Finally, one might be interested in how frequently the paradox arises.
Simulations by Pavlides and Perlman (2009) suggest that it should not
occur frequently: the confidence interval for the probability of AR is
a subset of the interval \([0;0.03]\) for both the uniform prior and
the (objective) Jeffreys prior. Of course, the practical value of this
diagnosis depends on whether the sampling assumptions are sensible,
and whether the entire approach makes sense for real-life datasets
where researchers can group the data into subpopulations along
numerous dimensions.
3. Simpson’s Paradox and Causal Inference
Within the philosophical literature, Simpson’s Paradox received
sustained attention due to its implications for accounts of causality
that posit systematic connections between causal relationships and
probability-raising. Specifically, the paradox reveals that facts
about probability-raising will not necessarily be preserved when one
partitions a population into subpopulations. This poses a number of
important challenges to philosophical accounts of causal inference
based on the concept of probability:
What is the appropriate set of background factors for determining
when a probabilistic relationship is causal?
What do association reversals imply for causal inference?
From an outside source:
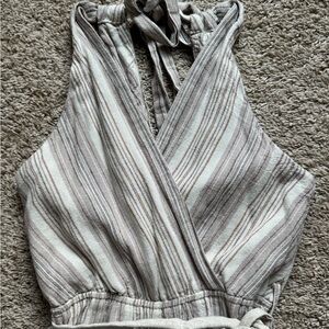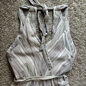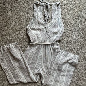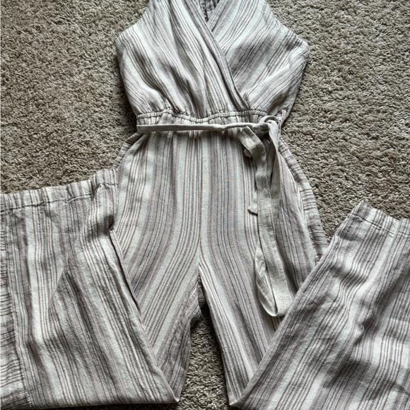 Indigo Rein Beige and Gray Striped Jumpsuit

Does Simpson’s Paradox threaten the objectivity of causal
relationships?
Strategies for treating the paradox and answering these questions have
contributed substantially to the development of theories of
probabilistic causality (Cartwright 1979; Eells 1991). A different set
of answers is provided by more recent work on the paradox in the
framework of graphical causal models (e.g., Pearl 1988, 2000 [2009];
Spirtes et al. 2000), and we will discuss both accounts in turn. In
particular, we will explain how Simpson’s Paradox can be
analyzed through the notions of confounding and the identifiability of
a causal effect.
3.1 Probabilistic Causality and Simpson’s Paradox
Early accounts of probabilistic causation (e.g., Reichenbach 1956;
Suppes 1970) sought to explicate causal claims purely in terms of
probabilistic and temporal facts. On Suppes’ (1970) account,
event \(\r{C}\) is a prima facie cause of \(\r{E}\) if and
only if (i) \(\r{C}\) occurs before \(\r{E}\) and (ii) \(\r{C}\)
raises the probability of
\(\r{E}\).[2]
As we have already seen in
Section 2.1,
not all prima facie causes are genuine causes. If I drink a
strong blond Belgian beer now, I will probably be happy during the
day, but also have a headache tomorrow. However, being happy would not
thereby by the cause of the headache: the correlation is explained by
the common cause—the beer drinking. The variable for drinking
the beer screens off the probabilistic relationship between
its effects, meaning that the effects will be uncorrelated when one
conditions on it. The crux of Suppes’ account is that a
prima facie causal relationship between \(\r{C}\) and
\(\r{E}\) is a genuine causal relationship iff there is no factor F
prior to C that screens off \(\r{C}\) from
\(\r{E}\).[3]
Later theorists such as Cartwright (1979) and Eells (1991) developed
this condition by making causal claims relative to a causally
homogenous background context, which is specified by a set of
variables \(\b{K}\). Consider the following example of association
reversal presented by Cartwright. Supposing that smoking \((\r{S})\)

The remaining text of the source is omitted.